Creating change through artTuesday 10 March 2015
Rebecca Feeley knows first hand how art can change lives – because it has helped change hers.
In July, she will travel to India to meet young people from around the world as a part of the World Merit Fellowship Programme, which aims to empower young people to tackle global issues like gender equality and climate change - and Rebecca is hoping to make a change through art. In January 2016, she will also visit Washington to mark the end of her year as an ambassador with the organisation.
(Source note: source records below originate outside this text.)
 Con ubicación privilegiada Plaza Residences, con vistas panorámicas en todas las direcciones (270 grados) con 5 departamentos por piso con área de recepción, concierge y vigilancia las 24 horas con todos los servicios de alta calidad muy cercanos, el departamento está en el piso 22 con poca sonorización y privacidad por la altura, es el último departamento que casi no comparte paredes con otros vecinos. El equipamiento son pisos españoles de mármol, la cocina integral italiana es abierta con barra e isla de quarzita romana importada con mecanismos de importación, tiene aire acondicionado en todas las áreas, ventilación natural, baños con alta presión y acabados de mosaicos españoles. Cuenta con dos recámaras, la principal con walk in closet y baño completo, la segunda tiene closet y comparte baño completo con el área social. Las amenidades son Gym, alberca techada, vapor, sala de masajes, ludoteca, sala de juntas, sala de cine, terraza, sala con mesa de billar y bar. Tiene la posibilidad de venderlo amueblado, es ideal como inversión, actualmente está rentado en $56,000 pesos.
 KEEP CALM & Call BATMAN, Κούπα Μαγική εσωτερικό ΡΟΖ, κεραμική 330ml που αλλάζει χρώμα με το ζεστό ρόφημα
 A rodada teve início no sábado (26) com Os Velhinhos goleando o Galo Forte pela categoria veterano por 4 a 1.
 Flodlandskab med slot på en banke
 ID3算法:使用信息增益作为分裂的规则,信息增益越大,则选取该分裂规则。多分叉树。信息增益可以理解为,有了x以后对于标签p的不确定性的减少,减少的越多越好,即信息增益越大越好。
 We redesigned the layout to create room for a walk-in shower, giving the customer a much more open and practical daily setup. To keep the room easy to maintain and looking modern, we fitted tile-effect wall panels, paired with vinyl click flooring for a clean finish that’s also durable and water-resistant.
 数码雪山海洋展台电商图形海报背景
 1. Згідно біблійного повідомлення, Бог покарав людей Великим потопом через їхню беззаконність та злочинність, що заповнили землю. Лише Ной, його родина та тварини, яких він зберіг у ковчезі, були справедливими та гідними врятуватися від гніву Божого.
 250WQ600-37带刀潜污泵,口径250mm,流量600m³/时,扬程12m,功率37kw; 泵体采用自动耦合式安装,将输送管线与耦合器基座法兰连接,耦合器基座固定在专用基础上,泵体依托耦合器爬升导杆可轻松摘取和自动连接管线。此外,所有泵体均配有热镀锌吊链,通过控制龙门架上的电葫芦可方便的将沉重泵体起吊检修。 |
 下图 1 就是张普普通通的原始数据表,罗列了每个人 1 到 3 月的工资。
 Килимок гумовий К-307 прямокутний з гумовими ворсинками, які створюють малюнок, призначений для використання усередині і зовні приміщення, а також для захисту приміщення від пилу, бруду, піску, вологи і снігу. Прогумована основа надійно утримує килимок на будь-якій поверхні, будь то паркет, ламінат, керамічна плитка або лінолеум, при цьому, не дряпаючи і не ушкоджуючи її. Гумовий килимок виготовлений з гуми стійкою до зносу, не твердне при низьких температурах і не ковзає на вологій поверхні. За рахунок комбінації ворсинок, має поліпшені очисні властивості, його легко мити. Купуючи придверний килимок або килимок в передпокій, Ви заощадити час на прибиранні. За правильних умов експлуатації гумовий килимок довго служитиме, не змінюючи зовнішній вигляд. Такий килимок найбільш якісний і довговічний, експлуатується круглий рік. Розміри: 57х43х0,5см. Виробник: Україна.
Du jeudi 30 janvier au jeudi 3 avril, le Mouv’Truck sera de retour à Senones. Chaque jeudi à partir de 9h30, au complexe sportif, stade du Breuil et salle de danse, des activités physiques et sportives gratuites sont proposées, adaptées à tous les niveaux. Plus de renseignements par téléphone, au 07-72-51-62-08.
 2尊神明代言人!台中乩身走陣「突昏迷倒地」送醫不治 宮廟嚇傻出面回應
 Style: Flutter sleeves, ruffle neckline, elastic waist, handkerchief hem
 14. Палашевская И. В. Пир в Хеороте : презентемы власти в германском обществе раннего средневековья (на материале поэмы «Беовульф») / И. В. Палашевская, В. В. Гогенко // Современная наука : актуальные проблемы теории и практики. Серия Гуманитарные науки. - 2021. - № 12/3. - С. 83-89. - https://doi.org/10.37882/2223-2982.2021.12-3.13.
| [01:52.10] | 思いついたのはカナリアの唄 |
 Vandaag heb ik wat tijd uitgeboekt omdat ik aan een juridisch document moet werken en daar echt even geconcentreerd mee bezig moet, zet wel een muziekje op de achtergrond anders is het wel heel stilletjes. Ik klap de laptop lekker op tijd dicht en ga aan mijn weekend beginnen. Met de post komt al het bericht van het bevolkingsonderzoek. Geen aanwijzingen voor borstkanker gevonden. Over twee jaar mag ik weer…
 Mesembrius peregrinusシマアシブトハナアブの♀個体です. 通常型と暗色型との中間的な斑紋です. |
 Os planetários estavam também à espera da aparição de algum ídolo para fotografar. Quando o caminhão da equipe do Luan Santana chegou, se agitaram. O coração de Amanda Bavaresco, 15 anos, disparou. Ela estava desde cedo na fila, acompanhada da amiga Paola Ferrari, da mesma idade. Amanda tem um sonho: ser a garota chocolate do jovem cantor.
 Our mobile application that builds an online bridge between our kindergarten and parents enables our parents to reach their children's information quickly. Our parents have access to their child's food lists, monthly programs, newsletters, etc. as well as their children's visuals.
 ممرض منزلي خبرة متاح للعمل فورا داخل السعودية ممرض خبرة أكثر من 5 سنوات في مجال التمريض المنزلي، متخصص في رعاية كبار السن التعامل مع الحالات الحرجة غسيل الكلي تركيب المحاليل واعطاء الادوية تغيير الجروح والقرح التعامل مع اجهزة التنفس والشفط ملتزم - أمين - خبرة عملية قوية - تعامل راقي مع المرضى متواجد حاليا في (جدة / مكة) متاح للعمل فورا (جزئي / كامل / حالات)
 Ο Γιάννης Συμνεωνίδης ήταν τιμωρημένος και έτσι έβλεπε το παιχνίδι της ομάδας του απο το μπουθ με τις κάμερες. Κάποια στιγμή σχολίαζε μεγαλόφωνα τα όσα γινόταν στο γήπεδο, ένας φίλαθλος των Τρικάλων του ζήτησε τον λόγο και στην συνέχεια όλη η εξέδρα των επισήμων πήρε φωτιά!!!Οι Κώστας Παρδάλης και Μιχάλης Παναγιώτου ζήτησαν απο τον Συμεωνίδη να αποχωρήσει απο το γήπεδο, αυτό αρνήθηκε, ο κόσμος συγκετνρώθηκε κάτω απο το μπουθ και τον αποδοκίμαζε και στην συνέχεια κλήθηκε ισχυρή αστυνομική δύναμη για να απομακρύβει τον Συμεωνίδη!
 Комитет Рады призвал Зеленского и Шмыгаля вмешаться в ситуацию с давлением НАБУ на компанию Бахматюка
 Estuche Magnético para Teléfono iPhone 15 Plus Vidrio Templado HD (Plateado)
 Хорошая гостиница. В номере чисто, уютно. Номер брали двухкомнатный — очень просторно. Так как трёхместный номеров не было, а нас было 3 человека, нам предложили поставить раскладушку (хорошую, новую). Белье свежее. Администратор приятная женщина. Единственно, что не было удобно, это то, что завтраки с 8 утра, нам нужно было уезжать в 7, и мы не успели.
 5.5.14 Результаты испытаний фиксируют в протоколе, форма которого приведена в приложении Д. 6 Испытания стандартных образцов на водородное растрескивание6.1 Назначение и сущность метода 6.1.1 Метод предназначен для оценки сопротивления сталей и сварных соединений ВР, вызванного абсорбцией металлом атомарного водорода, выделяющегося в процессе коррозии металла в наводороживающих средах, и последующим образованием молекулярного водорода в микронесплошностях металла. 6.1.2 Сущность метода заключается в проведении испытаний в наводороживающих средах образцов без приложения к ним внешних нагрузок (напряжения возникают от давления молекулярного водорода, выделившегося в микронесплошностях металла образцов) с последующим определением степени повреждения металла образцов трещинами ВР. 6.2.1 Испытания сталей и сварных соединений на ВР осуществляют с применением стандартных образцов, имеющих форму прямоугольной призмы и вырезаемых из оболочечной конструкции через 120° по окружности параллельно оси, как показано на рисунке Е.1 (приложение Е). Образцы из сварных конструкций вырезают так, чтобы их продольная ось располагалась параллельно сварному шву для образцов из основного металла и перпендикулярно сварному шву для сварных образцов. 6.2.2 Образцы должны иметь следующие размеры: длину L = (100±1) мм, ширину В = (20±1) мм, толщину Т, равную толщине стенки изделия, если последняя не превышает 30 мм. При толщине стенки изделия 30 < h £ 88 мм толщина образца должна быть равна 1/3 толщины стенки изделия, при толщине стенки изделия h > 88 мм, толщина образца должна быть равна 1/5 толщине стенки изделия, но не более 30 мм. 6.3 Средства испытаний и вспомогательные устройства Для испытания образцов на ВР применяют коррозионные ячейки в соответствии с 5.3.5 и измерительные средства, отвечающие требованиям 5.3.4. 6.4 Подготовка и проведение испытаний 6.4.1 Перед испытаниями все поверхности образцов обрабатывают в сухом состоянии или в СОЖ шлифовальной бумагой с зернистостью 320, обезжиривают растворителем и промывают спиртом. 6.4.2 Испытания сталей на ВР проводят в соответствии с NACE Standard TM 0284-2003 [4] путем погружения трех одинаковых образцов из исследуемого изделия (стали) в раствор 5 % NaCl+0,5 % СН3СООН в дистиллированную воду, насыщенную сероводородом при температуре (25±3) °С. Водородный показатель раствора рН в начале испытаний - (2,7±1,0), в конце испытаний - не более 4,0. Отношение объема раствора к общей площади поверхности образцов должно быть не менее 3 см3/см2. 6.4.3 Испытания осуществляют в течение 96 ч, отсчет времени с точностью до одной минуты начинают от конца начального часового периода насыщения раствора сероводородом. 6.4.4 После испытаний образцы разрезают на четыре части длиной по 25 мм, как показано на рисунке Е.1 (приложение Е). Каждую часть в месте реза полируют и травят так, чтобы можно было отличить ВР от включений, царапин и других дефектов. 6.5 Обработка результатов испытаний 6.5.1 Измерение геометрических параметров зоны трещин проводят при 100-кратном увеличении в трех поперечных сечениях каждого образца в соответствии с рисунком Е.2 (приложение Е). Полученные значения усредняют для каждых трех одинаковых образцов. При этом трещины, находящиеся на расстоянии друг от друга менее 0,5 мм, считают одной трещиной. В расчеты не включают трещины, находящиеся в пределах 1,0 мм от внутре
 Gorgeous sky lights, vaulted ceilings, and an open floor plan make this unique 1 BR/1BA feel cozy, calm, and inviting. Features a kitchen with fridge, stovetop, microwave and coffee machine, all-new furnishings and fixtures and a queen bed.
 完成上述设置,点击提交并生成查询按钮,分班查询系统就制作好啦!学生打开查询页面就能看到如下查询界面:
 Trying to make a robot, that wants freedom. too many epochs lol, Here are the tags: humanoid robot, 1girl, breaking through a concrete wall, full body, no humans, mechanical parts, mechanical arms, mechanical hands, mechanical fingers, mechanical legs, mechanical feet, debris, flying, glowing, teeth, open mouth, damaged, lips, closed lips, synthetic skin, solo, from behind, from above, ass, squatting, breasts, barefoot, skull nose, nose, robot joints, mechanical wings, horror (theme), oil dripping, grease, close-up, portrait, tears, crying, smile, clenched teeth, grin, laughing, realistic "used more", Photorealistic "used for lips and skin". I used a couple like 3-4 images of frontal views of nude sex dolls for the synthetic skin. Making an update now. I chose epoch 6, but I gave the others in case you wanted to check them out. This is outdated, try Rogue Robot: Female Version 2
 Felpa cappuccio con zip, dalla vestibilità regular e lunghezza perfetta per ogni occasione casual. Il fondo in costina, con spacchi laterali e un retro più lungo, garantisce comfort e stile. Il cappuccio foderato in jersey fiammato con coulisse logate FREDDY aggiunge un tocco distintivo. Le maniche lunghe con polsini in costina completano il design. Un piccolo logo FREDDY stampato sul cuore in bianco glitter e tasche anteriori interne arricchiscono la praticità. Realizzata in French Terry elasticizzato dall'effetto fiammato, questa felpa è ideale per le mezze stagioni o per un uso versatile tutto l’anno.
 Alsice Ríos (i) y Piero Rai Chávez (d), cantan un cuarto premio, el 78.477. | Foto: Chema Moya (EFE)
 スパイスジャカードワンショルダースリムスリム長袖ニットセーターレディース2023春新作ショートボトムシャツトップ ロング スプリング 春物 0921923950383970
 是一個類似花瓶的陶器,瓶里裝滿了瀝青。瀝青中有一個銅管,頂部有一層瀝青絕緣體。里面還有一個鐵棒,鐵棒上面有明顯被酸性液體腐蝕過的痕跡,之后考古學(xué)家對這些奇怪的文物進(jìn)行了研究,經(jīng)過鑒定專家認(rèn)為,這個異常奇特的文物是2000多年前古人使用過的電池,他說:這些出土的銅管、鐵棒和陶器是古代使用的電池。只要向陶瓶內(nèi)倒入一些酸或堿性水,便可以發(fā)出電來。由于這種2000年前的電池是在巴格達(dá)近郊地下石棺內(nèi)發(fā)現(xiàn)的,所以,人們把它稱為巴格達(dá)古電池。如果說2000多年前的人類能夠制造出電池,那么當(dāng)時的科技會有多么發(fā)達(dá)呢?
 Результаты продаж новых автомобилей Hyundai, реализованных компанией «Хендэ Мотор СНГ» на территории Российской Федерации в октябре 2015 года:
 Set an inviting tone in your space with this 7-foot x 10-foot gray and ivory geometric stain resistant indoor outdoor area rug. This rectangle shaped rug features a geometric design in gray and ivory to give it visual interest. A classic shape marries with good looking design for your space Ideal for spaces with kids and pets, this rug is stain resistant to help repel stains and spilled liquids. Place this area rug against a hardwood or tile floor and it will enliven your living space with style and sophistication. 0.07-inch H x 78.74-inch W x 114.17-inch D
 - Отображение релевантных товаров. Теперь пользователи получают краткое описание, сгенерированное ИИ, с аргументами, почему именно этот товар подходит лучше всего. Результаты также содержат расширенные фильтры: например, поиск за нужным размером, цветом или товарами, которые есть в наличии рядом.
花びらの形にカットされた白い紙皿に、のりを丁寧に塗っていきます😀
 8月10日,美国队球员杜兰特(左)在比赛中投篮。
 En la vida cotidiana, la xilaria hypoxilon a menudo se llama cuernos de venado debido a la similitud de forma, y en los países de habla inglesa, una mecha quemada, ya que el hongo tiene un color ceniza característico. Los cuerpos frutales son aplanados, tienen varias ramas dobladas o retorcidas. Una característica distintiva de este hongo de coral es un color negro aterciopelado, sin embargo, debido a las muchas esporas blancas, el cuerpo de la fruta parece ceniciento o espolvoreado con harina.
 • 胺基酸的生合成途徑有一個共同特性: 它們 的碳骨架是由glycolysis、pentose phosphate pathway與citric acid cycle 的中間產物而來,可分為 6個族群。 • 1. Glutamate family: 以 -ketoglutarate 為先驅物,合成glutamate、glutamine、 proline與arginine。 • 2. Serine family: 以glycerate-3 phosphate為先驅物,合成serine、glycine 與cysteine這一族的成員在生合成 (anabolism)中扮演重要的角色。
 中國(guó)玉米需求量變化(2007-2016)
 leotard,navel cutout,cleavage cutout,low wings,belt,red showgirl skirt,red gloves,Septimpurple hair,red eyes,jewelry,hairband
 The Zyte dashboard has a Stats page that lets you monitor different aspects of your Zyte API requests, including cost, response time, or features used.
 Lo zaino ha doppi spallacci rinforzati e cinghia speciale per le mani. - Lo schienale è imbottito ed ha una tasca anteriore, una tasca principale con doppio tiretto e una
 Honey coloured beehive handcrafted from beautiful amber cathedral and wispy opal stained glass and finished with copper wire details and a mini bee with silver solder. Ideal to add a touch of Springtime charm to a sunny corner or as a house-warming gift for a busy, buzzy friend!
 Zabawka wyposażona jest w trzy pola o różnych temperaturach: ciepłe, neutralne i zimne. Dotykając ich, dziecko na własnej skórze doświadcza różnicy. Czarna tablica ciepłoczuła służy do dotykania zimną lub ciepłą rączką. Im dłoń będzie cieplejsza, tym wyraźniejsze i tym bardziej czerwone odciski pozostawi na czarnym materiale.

Rebecca is one of the 23 World Merit participants, chosen from around the world to follow the intensive year-long leadership and social justice awareness programme.
A young carer from the ages of 14 to 18, Rebecca has signed up for Liverpool Hope’s Service and Leadership Award and she is a leader with Big Love Sista, which aims to empower communities through creative activities. Rebecca also volunteers at Alder Hey Children’s Hospital where she helps with arts and crafts – and she does all this whilst studying for a degree in Fine Art. After studying years one and two full time, Rebecca opted to study part time in order to dedicate time to her World Merit Fellowship Programme and other volunteering commitments.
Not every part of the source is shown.